囲まれにくいところ。逃げ道を確保しやすいところ。
四方に見渡しのきくところ。「あの神社はどうだろう」
杜夫は隣の市のこのあたりでは有名な神社の名前をあげた。
杜夫のいる場所からは大した距離はないが、杜夫の家からは車で三十分ほどかかる。
初は郁子のことも恨んでいるだろうが、本当の狙いはやはり杜夫だろう。
謙さんが初の手下に成り下がっているとした場合、郁子のことは杜夫をおびき寄せる餌と考えているはずだ。
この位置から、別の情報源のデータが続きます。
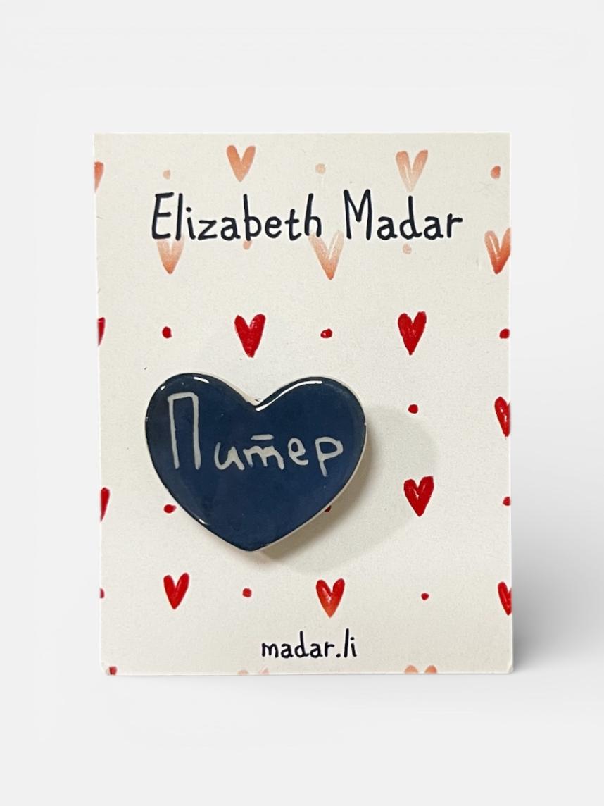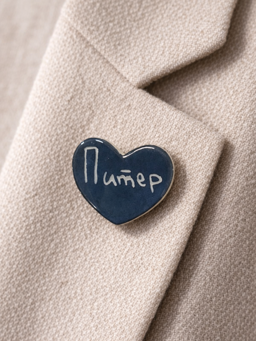 Маленькая аккуратная брошь примерно 3 см в виде сердца с надписью «Питер». Миниатюрный символ любви на вашем пальто, сумке или в качестве элемента декора подчеркнет вашу индивидуальность.

従って杜夫と落ち合うまでは郁子に危害が加えられることは考えにくい。
その時間を少しでも長く取り、その間に対策を練らなければ。
郁子は謙さんに神社の名前を告げ、(じゃあ、またあとで)と電話を切った。
さて、どうしようか。
杜夫は助手席から上体を起こし座席を倒して車の天井を見上げた。
時間はわずかしかない。
しかも間もなく日付が変わるような時刻だ。
できることは限られている。
武器を調達しようか。
それともいっそ警察に保護を求めるか。
そのときまた携帯電話が鳴った。
緊張が痛みとなって全身を駆け巡る。
杜夫は慌てて再び助手席に身体を倒した。
その勢いで助手席のシートから埃がもうもうと待ったのが暗闇でも分かる。
今度は誰だ。
郁子か。
初か。
ゆっくり携帯電話の液晶画面を見ると、そこには莉奈の名前が表示されていた。